Le quotidien El País a ainsi comptabilisé - schéma à l'appui - une dizaine d'enquêtes différentes pour corruption.

"L'affaire Koldo", la plus dommageable politiquement pour les socialistes, compte parmi ses protagonistes l'ancien ministre des Transports José Luis Ábalos, qui fut longtemps le bras droit de M. Sánchez et son homme de confiance au sein du PSOE. Actuellement en prison provisoire, il encourt 24 ans de prison.

Interrogé sur ces affaires, M. Sánchez a réaffirmé que "la corruption systémique, celle qui affectait tout le système démocratique de notre pays, s'est achevée lors du départ" du Parti populaire (droite) du pouvoir en 2018, dans la foulée d'un énorme scandale de corruption.

"La différence entre cette époque (celle de la droite, ndlr) et maintenant, c'est qu'aujourd'hui nous agissons fermement" contre la corruption, a-t-il lancé, ajoutant qu'il n'y avait "pas de cas de financement illégal" du Parti socialiste.

Face à ce que El País a décrit comme les "heures les plus critiques" que son gouvernement de gauche ait connues, M. Sánchez a rejeté l'appel du parti Sumar (gauche radicale), son allié au pouvoir, à une refonte de fond en comble de l'équipe gouvernementale.

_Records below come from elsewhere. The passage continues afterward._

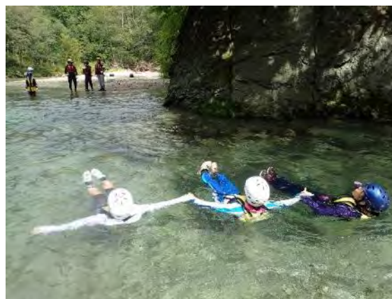
緩やかな流れが気持ちいい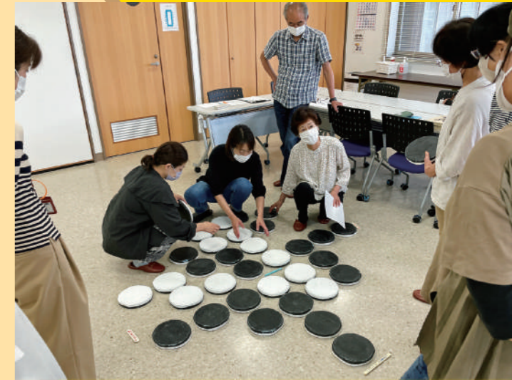
サロンボランティア交流会 での特大オセロ体験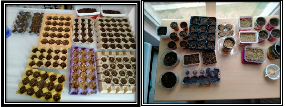
Şekil 1 Tohum ekimi.

Sorumluluk deęerinin katılımcılarda gözlemlenebilmesi için katılımcı grup ile fide ve saksı bitkisi yetiştirip bu ürünlerin sorumluluklarını taşıyacakları görevler vermeye karar verilmiştir. Aynı zamanda bu bitkilerin gelişimine paralel dallarına hadisler asılması, hadis bitkisi adı verilen bu uygulama kapsamında saksı, viyo, tohum, çeşitli bitki yetiştirmede kullanılacak ekipmanlar tedarik edilmiştir. 07/11/2023 tarihi itibari ile fen bilimleri laboratuvarında araştırmanın katılımcısı olan 15 öğrenciden 12'sinin katılımı ile tohum ekimi ve fide dikimi yapılmıştır. Etkinliğe ilişkin görsellere aşağıda yer alan Şekil 1'de yer verilmiştir.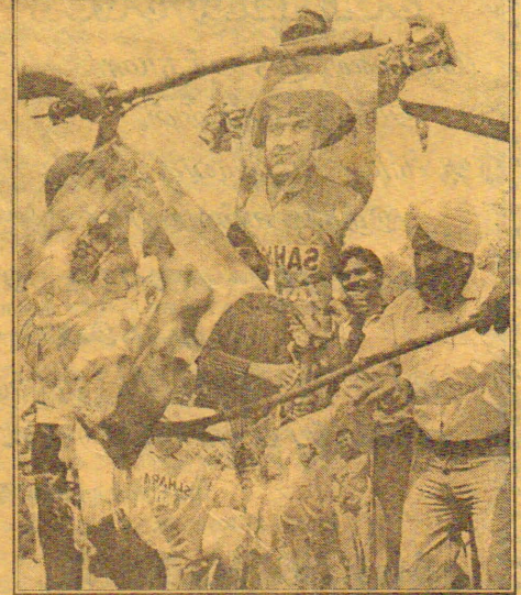
உலகக் கிண்ணத்திற்கான லீக் போட்டியில் இந்திய கிரிக்கெட் அணி, இலங்கை அணியிடம் தோல்வியுற்றதால் ஆத்திரமடைந்த இந்திய அணி ரசிகர்கள், அந்நாட்டு கிரிக்கெட் வீரர்களின் படங்களை தீயிட்டுக் கொடுத்துவதை படத்தில் காணலாம்.

அது குறித்து எவ்வித நடவடிக்கைகளும் மேற்கொள்ளப்படாததை குறித்து எதிர்க்கட் சித்தலைவர் ரணில் விக்கிரமசிங்க சபாநாய கர் வி.ஜே.மு.லொக்குபண்டாரவை சந்தித்து உரையாடவுள்ளார். (04 ஆம் பக்கம் பார்க்க)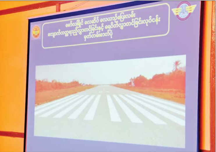
နိုင်ငံတော်စီမံအုပ်ချုပ်ရေးကောင်စီဥက္ကဋ္ဌ နိုင်ငံတော်ဝန်ကြီးချုပ် ဗိုလ်ချုပ်မှူးကြီး မင်းအောင်လှိုင်အား ပြည်ထောင်စုဝန်ကြီး ဗိုလ်ချုပ်ကြီးတင်အောင်စန်းက မော်လမြိုင်လေဆိပ် အဆင့်မြှင့်တင်ဆောင်ရွက်နေမှုအခြေအနေများနှင့် ပတ်သက်၍ ရှင်းလင်းတင်ပြစဉ်။

သာယာလှပရေးအတွက်လည်း တာဝန်ရှိသူများ အနေဖြင့် ကြပ်မတ် ဆောင်ရွက်ကြရန် လိုကြောင်း၊ ထို့ပြင် အသစ်ထပ်မံဖောက်လုပ်မည့် မော်လမြိုင်-ထားဝယ် ရထားလမ်းပိုင်း တည်ဆောက်ရာတွင်လည်း လမ်းကြောင်း ပြေပြစ်မှုရှိစေရေးနှင့် တတ်နိုင်သမျှ တစ်ဖြောင့်တည်း ဖြစ်စေရေး စနစ်တကျကွင်းဆင်း တွက်ချက် ဆောင်ရွက်သွားရန် လိုကြောင်းနှင့် လုပ်ငန်းများ ဆောင်ရွက်ရာတွင် ရေရှည်အကျိုးကိုကြည့်၍ မြော်တွေးဆောင်ရွက် ကြရန်လိုကြောင်း မှာကြားခဲ့ကြောင်း သိရသည်။ သတင်းစဉ်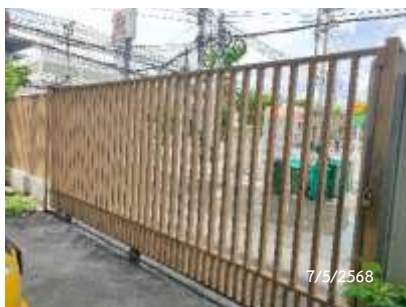
จุดจอดรถเก็บขนมูลฝอย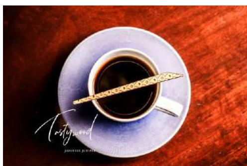
tastywood ～JAPANESE JUNIPER～ 有限会社一場木工所／株式会社レオンハルト／ 蒸留ラボ Laboratory Pnacea／込山 宏美／青 水里山の会／アートの小箱 プロダクツ分野

木組みの格子の意匠が特徴的な新しいインテリアの提案である。室内を彩る細やかな細工があり、隠すという概念に着目した点に新規性がある。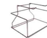
印象トレーラック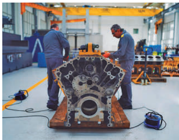
Trabajadores en la Comunidad de Madrid

"Es totalmente falso que vayamos a aplicar un tipo de copago, ningún tipo de reducción de las cuantías de las prestaciones económicas a los pacientes. Las prestaciones de la Comunidad de Madrid se van a abonar íntegramente a todos los pacientes en conformidad con las cuantías establecidas en la propia normativa estatal", recalcó García Martín.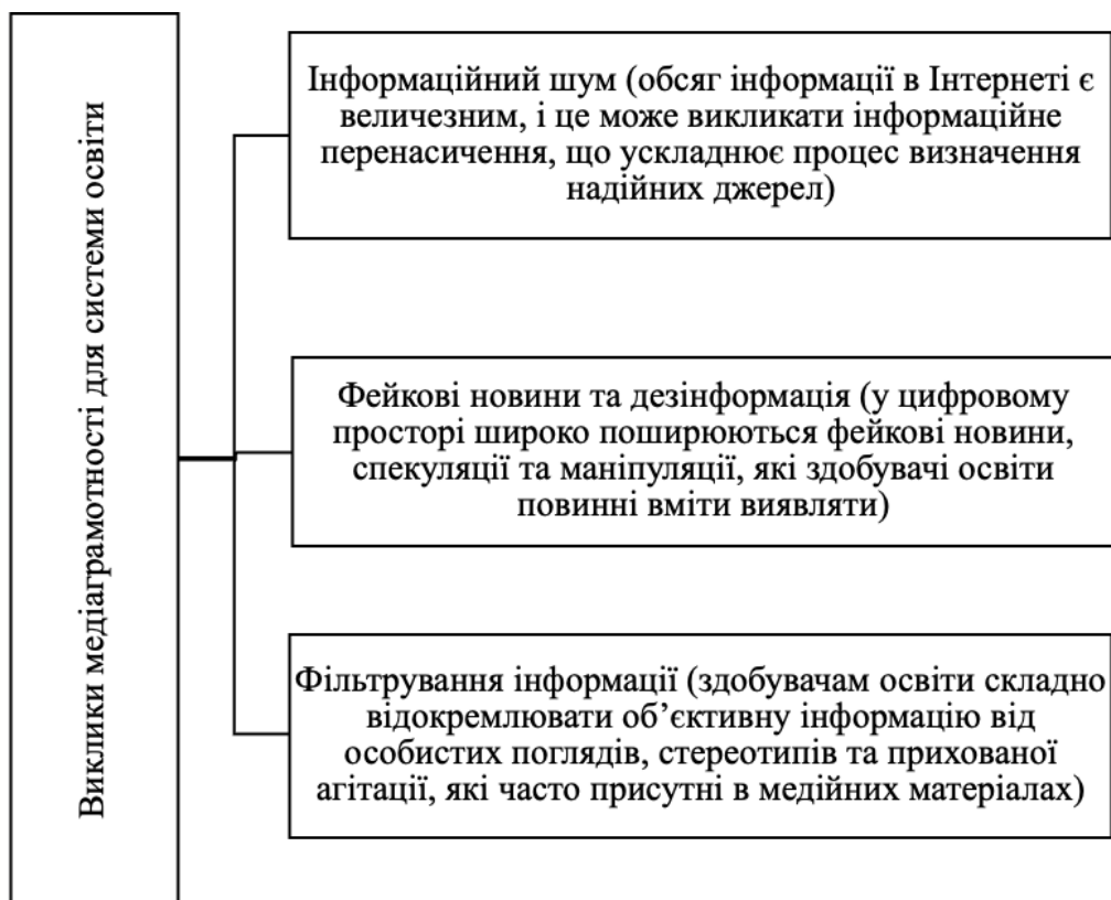
Рис. 3. Виклики медіаграмотності для системи освіти

В цілому, навички критичного мислення та медіаграмотності повинні стати необхідною складовою сучасної освіти, сприяючи формуванню поінформованих, розуміючих та критично мислячих громадян. Для ефективного формування та розвитку медіаграмотності закладам освіти необхідно бути ознайомленими із наявними викликами (рис. 3).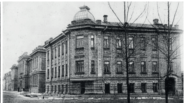
Корпус №1 у 1903 – 1943 рр.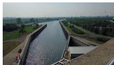
Blick von der Aussichtsplattform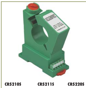
Single Element - 1.2" Window 20 to 300 ADC Input Range

The CR5200 Series, DC Current Transducers are designed to provide a DC signal which is proportional to a DC sensed current. These devices are designed for direct current only, targeting them towards general and daily applications. The ranges 2 to 10 Amp utilize an advanced Magnetic Modulator technology and the ranges 20 amps and above utilize Hall Effect technology.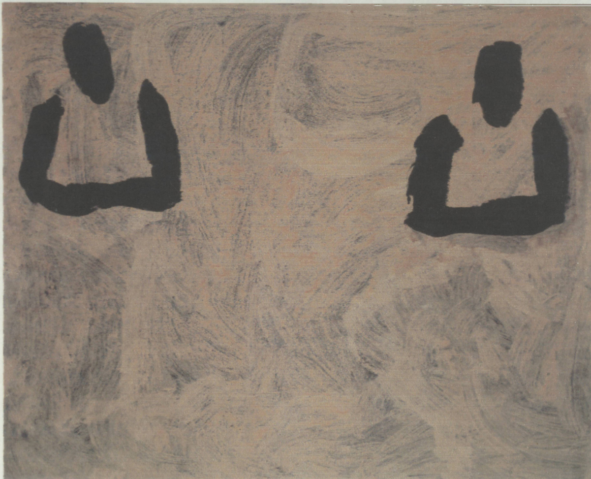
Leonel González "La Francia" 1991 Acrílico Sobre Tela 180 Cm x 230 Cm

El color de la ropa y del fondo se desvaneció, por el contrario el color de las figuras se afirmó. En las figuras ya no existen rasgos ni volumen. El tiempo los borró.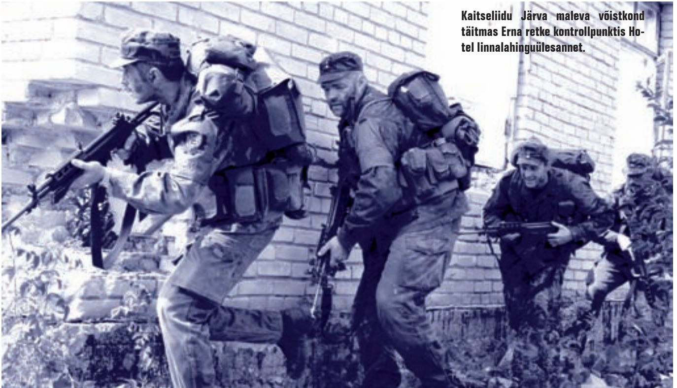
Kaitseliidu Järva maleva võistkond täitmas Erna retke kontrollpunktis Hotel linnalahinguülesannet.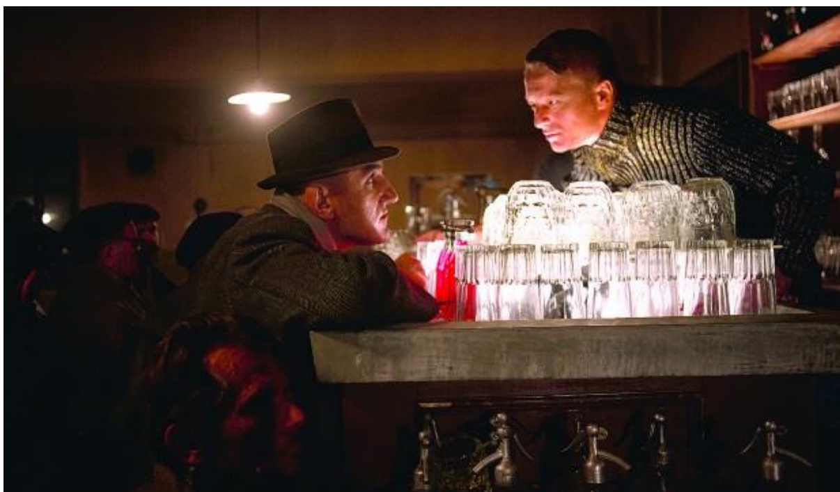
A Teleki Tér régi és új császára az Eldorádó című filmben

Amikor mi, mai szülők, gyerekek voltunk, még nem volt internet, még voltak határőrbódék. A Pannónia filmstúdióban szinkronizált Bud Spencer filmek és a hangalámondásos nindzsás videók jelentették a globális kultúrát, a nyugati zenét és a számítógépes játékokat kazettán másoltuk. A kommunizusból való kiszabadulás azért okozott sokkot rendszeren – a dolgozó élet elkezdésében az új szabad káoszt nem értő szülők gyakran már nem tudtak segíteni, nem is értették, lányuk fiuk mit is csinál pontosan. A világ azért elsősorban Hegyeshalomtól Záhonyig tartott, ezen kívül volt az egzotikus, veszélyes és csillogó külföld. A város sok „egyetlen forradalmára” az utcán, a kocsmákban, az iskola folyosóján szőtte a szociális hálóját. Ez a kor azonban már majdnem olyan messze van a mostani fiataloknak, mint a Pál utcai fiúk világa.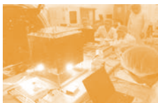
信州大学「ぎんれい」開発の様子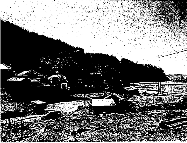
Fig. 1 現在の蛤浜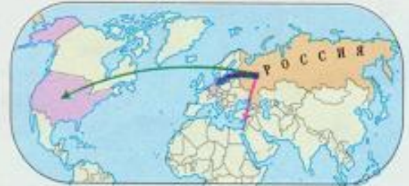
Выбывшие из России. 1990–2000 гг. (тыс. человек)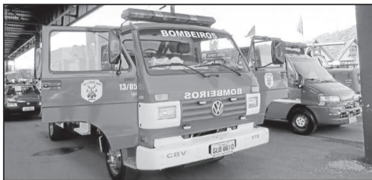
Bombeiros Voluntários marcaram presença com veículos e parte da estrutura de trabalho

M. Sánchez a aussi exclu des élections anticipées, comme la droite et l'extrême droite le demandent, affirmant que "nous nous sentons plein d'énergie et donnerons le meilleur de nous-même dans la seconde partie de la législature", qui doit s'achever en 2027.

Mais il n'a pas convaincu son partenaire, puisque le ministre de la Culture et porte-parole de Sumar, Ernest Urtasun, a averti M. Sánchez que "l'immobilisme (n'était) pas une option" et a de nouveau réclamé "un changement en profondeur" du gouvernement.